Using the aspect ratio (height/width) of the rectangle, you can come up with an initial guess at the number of tiles in the x and y directions. This gives an upper and lower bound for the total number of tiles: between xy and (x+1)(y+1).
Based on these bounds, there are three possibilities:
- The lower bound is correct. Compute the largest tileSize that will result in xy tiles.
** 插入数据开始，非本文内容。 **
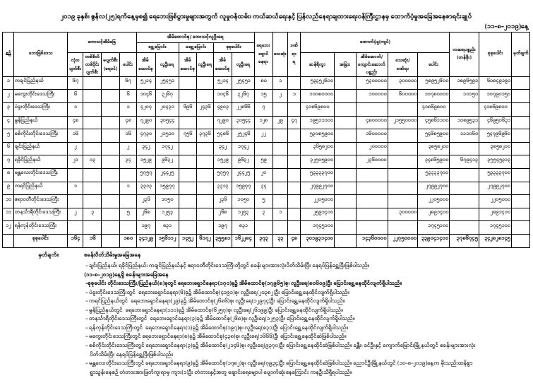 ၂၀၁၉ ခုနှစ်၊ ဇွန်လ (၂၅) ရက်နေ့မှစ၍ ရေဘေးဖြစ်ပွားမှုများအတွက် လူမှုဝန်ထမ်း၊ ကယ်ဆယ်ရေးနှင့် ပြန်လည်နေရာချထားရေးဝန်ကြီးဌာနမှ ထောက်ပံ့မှုအခြေအနေစာရင်းချုပ်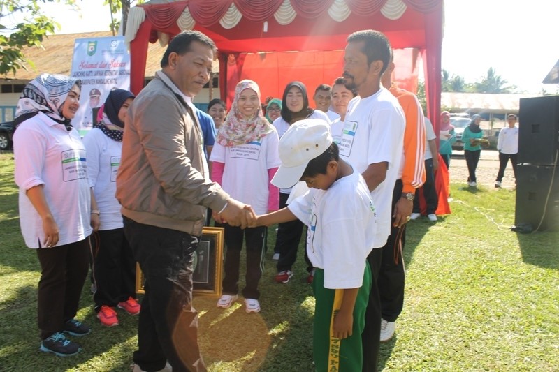 Panyabungan, Sumut 26/4 – Usai melaksanakan senam massal, Bupati Mandailing Natal Drs. H. Dahlan Hasan Nst bersama Ketua TP-PKK Madina Ny. Ika Desika Dahlan Hasan secara simbolis menyerahkan kartu BPJS PBI APBD Kab. Madina Tahun 2015 di lapangan Kantor Bupati Lama Panyabungan, Minggu.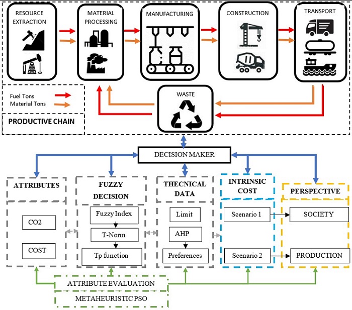 The decision-maker then evaluates the resulting LCA energy balance indices (emissions and investment cost), and he transforms them to the fuzzy domain taking into account upper and lower limits obtained from extreme LCA analyses. This is by determining the efficiency index to be optimized (fuzzy intersection). Based on the production chain model (LCA model), the attributes to be evaluated (investment cost and emissions) are established. Additionally, the preferences (AHP) and upper and lower limits (statics) of these attributes are established. From there, the evaluation of the indices is carried out, which also depend on the sense of improvement of the functional (growth or decrease).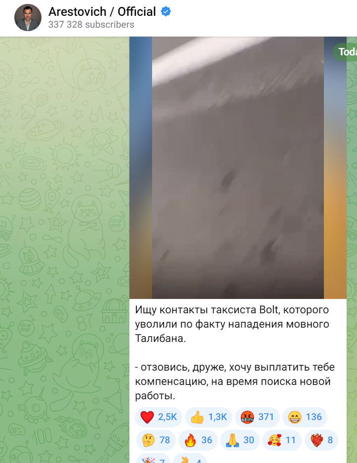 А Олексій Арестович попросив підписників допомогти знайти йому таксиста, якого "звільнили по факту нападу мовного Талібана", щоб виплатити компенсацію.

- The upper bound is correct. Compute the largest tileSize that will result in (x+1)(y+1) tiles
- The correct answer lies somewhere between the upper and lower bounds. Solve an equation to determine the correct values of x and y, and then compute the largest tileSize that will result in the correct number of tiles
int GetTileSize(int width, int height, int tileCount)
{
// quick bailout for invalid input
if (width*height < tileCount) { return 0; }
// come up with an initial guess
double aspect = (double)height/width;
double xf = sqrtf(tileCount/aspect);
double yf = xf*aspect;
int x = max(1.0, floor(xf));
int y = max(1.0, floor(yf));
int x_size = floor((double)width/x);
int y_size = floor((double)height/y);
int tileSize = min(x_size, y_size);
// test our guess:
x = floor((double)width/tileSize);
y = floor((double)height/tileSize);
if (x*y < tileCount) // we guessed too high
{
if (((x+1)*y < tileCount) && (x*(y+1) < tileCount))
{
// case 2: the upper bound is correct
// compute the tileSize that will
// result in (x+1)*(y+1) tiles
x_size = floor((double)width/(x+1));
y_size = floor((double)height/(y+1));
tileSize = min(x_size, y_size);
}
else
{
// case 3: solve an equation to determine
// the final x and y dimensions
// and then compute the tileSize
// that results in those dimensions
int test_x = ceil((double)tileCount/y);
int test_y = ceil((double)tileCount/x);
x_size = min(floor((double)width/test_x), floor((double)height/y));
y_size = min(floor((double)width/x), floor((double)height/test_y));
tileSize = max(x_size, y_size);
}
}
return tileSize;
}
I have tested this function for all integer widths, heights and tileCounts between 1 and 1000 using the following code:
for (width = 1 to 1000)
{
for (height = 1 to 1000)
{
for (tileCount = 1 to 1000)
{
tileSize = GetTileSize(width, height, tileCount);
// verify that increasing the tileSize by one
// will result in too few tiles
x = floor((double)width/(tileSize+1));
y = floor((double)height/(tileSize+1));
assert(x*y < tileCount);
// verify that the computed tileSize actually
// results in the correct tileCount
if (tileSize > 0)
{
x = floor((double)width/tileSize);
y = floor((double)height/tileSize);
assert(x*y >= tileCount);
}
}
}
}
回答4:
I've managed to come up with a 'relatively' optimal solution. Partially based on Zac's pseudocode answer.
//total number of tiles
var tile_count : Number = numberOfSlides;
//height of rectangle
var b : Number = unscaledHeight;
//width of rectanlge
var a : Number = unscaledWidth;
//divide the area but the number of tiles to get the max area a tile could cover
//this optimal size for a tile will more often than not make the tiles overlap, but
//a tile can never be bigger than this size
var maxSize : Number = Math.sqrt((b * a) / tile_count);
//find the number of whole tiles that can fit into the height
var numberOfPossibleWholeTilesH : Number = Math.floor(b / maxSize);
//find the number of whole tiles that can fit into the width
var numberOfPossibleWholeTilesW : Number = Math.floor(a / maxSize);
//works out how many whole tiles this configuration can hold
var total : Number = numberOfPossibleWholeTilesH * numberOfPossibleWholeTilesW;
//if the number of number of whole tiles that the max size tile ends up with is less than the require number of
//tiles, make the maxSize smaller and recaluate
while(total < tile_count){
maxSize--;
numberOfPossibleWholeTilesH = Math.floor(b / maxSize);
numberOfPossibleWholeTilesW = Math.floor(a / maxSize);
total = numberOfPossibleWholeTilesH * numberOfPossibleWholeTilesW;
}
return maxSize;
What this does is to work out the total area of the rectanlge, then divide it by the required number of tiles. As each tile is a square I can SQRT this so that I get the max size of the optimal tile.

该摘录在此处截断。